> REQUIREMENT
Please give back, word for word, only the lines starting at the one containing "A quick and" and ending at the one containing "Interesting to see" within the material below.
^^^^^^^^
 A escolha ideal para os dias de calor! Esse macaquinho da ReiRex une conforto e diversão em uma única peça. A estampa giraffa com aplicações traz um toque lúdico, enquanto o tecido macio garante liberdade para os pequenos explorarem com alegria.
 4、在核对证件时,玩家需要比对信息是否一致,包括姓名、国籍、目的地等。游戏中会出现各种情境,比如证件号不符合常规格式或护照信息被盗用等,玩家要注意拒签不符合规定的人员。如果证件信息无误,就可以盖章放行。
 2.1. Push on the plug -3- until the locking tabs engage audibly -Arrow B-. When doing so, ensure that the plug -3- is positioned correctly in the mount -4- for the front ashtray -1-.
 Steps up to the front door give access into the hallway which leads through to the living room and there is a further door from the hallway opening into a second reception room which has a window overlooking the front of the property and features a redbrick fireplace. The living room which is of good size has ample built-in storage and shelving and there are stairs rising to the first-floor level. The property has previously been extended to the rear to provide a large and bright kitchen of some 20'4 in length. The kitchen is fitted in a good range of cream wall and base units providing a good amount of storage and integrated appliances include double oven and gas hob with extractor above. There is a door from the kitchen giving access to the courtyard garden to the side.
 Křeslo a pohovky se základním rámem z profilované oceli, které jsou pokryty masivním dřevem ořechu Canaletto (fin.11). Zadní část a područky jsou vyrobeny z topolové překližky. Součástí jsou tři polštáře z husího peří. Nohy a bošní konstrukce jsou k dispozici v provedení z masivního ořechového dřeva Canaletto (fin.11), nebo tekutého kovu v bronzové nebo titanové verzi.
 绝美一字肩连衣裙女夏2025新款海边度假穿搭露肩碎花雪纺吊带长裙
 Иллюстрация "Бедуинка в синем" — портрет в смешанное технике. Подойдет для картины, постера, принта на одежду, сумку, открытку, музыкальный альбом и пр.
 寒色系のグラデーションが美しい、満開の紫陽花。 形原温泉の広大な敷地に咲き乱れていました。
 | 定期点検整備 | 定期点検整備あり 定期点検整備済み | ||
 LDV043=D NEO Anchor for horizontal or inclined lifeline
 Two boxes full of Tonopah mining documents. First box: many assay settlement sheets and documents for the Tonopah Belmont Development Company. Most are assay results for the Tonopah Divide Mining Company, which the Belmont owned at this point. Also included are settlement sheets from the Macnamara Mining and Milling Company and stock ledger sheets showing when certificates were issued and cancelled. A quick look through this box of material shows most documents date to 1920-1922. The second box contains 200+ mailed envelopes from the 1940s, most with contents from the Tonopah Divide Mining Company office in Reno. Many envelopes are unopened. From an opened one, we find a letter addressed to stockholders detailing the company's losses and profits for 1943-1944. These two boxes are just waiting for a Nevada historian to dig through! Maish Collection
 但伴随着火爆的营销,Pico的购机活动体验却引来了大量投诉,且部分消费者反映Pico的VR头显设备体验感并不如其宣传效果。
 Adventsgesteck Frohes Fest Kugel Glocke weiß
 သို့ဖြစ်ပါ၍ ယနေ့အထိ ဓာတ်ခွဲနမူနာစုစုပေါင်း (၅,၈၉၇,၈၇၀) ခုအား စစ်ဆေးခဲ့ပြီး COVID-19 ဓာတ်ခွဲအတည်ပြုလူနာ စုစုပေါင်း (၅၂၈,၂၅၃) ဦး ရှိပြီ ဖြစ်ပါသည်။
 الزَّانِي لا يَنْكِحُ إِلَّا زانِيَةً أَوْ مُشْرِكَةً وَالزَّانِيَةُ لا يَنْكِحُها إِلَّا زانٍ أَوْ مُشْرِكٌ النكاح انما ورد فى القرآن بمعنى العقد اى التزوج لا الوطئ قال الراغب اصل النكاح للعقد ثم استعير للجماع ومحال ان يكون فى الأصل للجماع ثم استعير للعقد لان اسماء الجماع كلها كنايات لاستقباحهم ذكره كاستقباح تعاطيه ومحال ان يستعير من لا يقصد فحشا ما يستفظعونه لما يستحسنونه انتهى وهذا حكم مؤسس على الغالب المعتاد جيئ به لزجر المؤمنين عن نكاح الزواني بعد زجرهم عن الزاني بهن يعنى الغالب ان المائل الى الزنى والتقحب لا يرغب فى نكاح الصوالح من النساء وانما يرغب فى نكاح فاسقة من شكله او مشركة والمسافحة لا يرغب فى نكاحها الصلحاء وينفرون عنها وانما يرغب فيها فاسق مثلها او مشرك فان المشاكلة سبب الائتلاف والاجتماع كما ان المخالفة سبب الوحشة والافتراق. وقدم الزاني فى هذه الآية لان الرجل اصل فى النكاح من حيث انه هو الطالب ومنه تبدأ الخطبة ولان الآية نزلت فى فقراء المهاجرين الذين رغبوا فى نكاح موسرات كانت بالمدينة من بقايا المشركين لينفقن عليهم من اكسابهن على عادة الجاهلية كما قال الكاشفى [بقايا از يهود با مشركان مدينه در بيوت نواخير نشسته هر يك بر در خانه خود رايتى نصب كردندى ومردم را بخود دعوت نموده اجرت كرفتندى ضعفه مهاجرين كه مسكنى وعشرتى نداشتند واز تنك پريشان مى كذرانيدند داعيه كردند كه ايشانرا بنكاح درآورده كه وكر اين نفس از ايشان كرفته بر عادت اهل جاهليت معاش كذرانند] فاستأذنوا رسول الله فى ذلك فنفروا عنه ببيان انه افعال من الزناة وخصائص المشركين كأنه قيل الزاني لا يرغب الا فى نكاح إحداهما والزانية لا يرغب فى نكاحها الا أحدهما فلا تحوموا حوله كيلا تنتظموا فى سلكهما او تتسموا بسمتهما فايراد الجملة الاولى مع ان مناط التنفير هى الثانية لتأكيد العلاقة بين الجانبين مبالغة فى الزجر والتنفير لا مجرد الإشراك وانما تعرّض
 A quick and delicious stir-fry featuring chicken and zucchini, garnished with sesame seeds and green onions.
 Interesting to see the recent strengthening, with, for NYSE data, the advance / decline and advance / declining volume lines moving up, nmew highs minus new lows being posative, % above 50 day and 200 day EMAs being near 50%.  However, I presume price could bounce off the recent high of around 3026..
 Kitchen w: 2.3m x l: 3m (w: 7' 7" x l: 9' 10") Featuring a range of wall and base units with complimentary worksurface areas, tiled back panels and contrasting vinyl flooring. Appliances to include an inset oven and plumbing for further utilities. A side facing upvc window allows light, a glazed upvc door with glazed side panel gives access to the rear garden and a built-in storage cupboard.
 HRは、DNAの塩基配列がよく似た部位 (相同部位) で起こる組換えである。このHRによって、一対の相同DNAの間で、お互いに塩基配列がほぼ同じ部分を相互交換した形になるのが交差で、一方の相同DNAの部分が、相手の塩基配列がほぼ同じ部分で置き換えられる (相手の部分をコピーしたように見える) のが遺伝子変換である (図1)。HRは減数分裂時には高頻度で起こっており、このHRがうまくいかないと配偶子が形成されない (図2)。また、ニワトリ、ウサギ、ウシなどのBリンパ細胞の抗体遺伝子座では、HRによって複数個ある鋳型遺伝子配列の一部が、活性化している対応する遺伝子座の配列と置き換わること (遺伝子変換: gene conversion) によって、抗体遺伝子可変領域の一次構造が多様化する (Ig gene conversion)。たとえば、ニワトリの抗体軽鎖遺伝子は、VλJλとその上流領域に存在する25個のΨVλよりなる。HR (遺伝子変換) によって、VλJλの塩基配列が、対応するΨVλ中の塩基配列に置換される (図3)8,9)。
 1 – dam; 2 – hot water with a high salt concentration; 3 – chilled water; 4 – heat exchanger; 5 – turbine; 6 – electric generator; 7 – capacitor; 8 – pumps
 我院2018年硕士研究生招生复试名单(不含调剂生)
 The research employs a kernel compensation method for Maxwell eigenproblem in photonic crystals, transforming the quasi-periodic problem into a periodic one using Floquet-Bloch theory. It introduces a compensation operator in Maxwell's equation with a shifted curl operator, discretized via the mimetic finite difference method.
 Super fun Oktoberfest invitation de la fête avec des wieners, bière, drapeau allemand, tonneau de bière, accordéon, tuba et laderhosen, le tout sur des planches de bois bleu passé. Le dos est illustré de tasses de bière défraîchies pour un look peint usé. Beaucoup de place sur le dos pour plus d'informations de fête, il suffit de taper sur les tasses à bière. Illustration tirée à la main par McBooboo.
^^^^^^^^
> TASK RESPONSE
 A quick and delicious stir-fry featuring chicken and zucchini, garnished with sesame seeds and green onions.
 Interesting to see the recent strengthening, with, for NYSE data, the advance / decline and advance / declining volume lines moving up, nmew highs minus new lows being posative, % above 50 day and 200 day EMAs being near 50%.  However, I presume price could bounce off the recent high of around 3026..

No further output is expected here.